Something like that but RTR would be nice.

Dave,
I have tried Archer decals, but they are just not 'thick' enough for a scale rivet. They suggested putting a decal over the decal to add the thickness, but it was a bit of a hassle.

I use the NWSL rivet dies in my drill press and have made a hand wound jig so that I can do straight lines of decals, and it does have the side benefit of building arm muscles - but can be very boring!
Something automatic for a couple of thousand dollars would be great.
Cheers,
David Leech, Delta, Canada


----------



## Michael Glavin (Jan 2, 2009)

It's a project for sure, but its definitely doable. I'm eventually going to build a CNC embosser, I have other small modeling size CNC equipment which will mitigate some of the cost to build the embosser.

I have tryed the Archer rivets too, I concur with David's thoughts.

Michael


----------



## jimtyp (Jan 2, 2008)

Michael, if you ever get your CNC embosser I'd love to hear about it. I've been wanting one for years but haven't been able to figure it out.

-Jim


----------



## Pete Thornton (Jan 2, 2008)

Interesting ideas.

The pinwheels are out, as my rivets are in precise patterns that aren't linear.

I too tried the Archer rivets - they sent me a sample. (There's a thread around here somewhere.) As David says - not thick enough and not a perfect hemisphere.


----------



## toddalin (Jan 4, 2008)

Can you write the CNC G-code code for the Mach3 software? If so, I can give it a try on my machine. You don't need to download the Mach3 software to write the G-code (though it may help). You can do that in something like G-simple. The G-simple software is free. 

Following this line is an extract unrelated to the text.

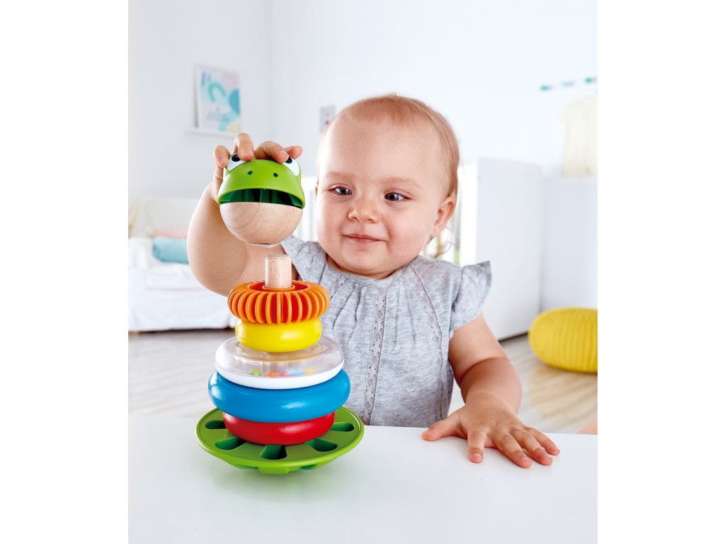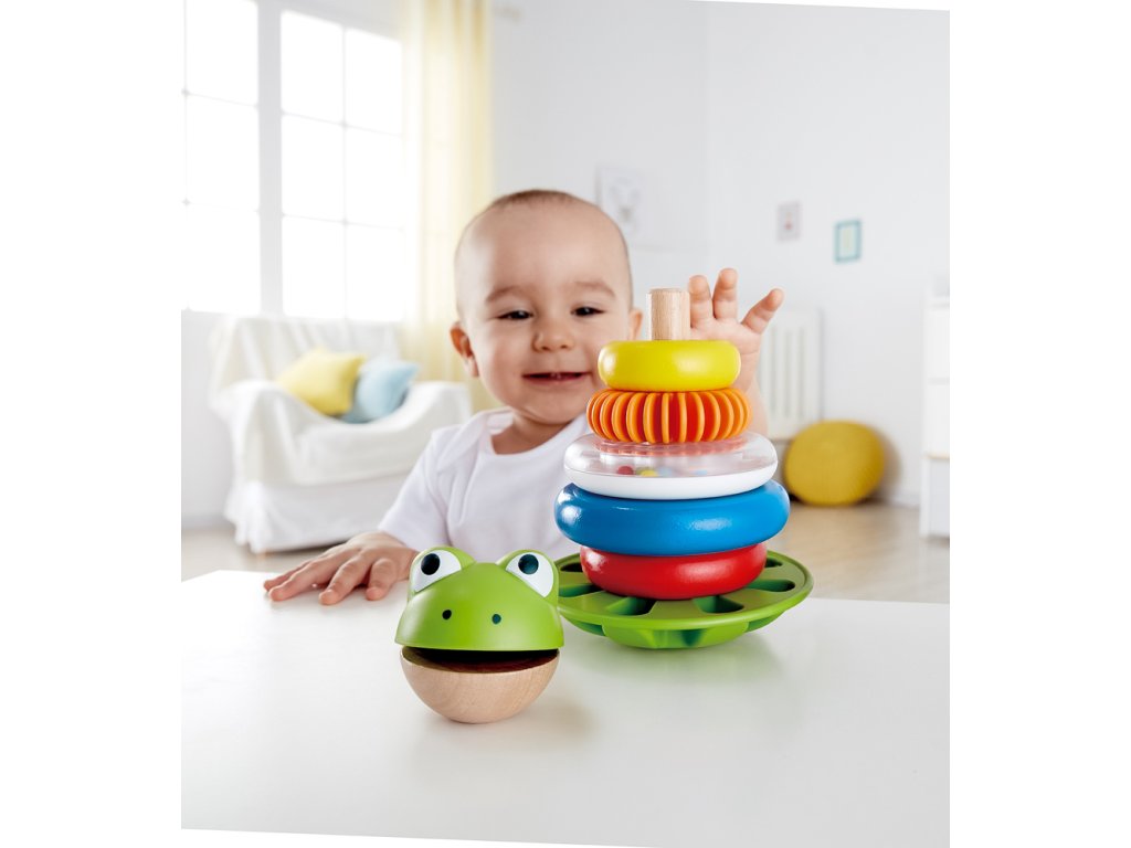 S panem Žabákem se děti naučí nejen navlékat kroužky od největšího po nejmenší nebo naopak, ale i počítat a poznávat barvy. Rozhoupejte pana Žabáka po nasazení různých kroužků a poslouchejte, jaké vydává zvuky. Hračka podporuje motorický rozvoj a jemnou motoriku. Vyrobeno z kvalitního a odolného materiálu. Počet dílků: 7. Rozměr: 12 x 18,6 x 12 cm. Věk: 12m+. Video: https://www.youtube.com/watch?v=3OHtWApcBuA&list=PLlpJxdj0ffav9wRtxpkytZmlQ994rBWUY&index=3

http://www.gsimple.eu/ex1/ex1.html


----------



## Totalwrecker (Feb 26, 2009)

Pete Thornton said:


> Interesting ideas.
> 
> The pinwheels are out, as my rivets are in precise patterns that aren't linear. -snip-
> 
> ...


----------



## Pete Thornton (Jan 2, 2008)

toddalin said:


> Can you write the CNC G-code code for the Mach3 software? If so, I can give it a try on my machine. You don't need to download the Mach3 software to write the G-code (though it may help). You can do that in something like G-simple. The G-simple software is free.
> 
> https://www.youtube.com/watch?v=vf1a6F2tYdU
> 
> http://www.gsimple.eu/ex1/ex1.html


Is that a question for me, because I have no idea. I'm new to all this.


----------



## Pete Thornton (Jan 2, 2008)

Michael Glavin said:


> Pete,
> 
> I want to make something that automates the riveting process myself. I was pondering the mechanics and found the machine linked below. Its a serious approach to DIY.
> 
> CNC Rivet Embosser


Michael,
I suppose that's the kind of thing I was thinking about. A $200 machine that operates in 2 axis and also up/down.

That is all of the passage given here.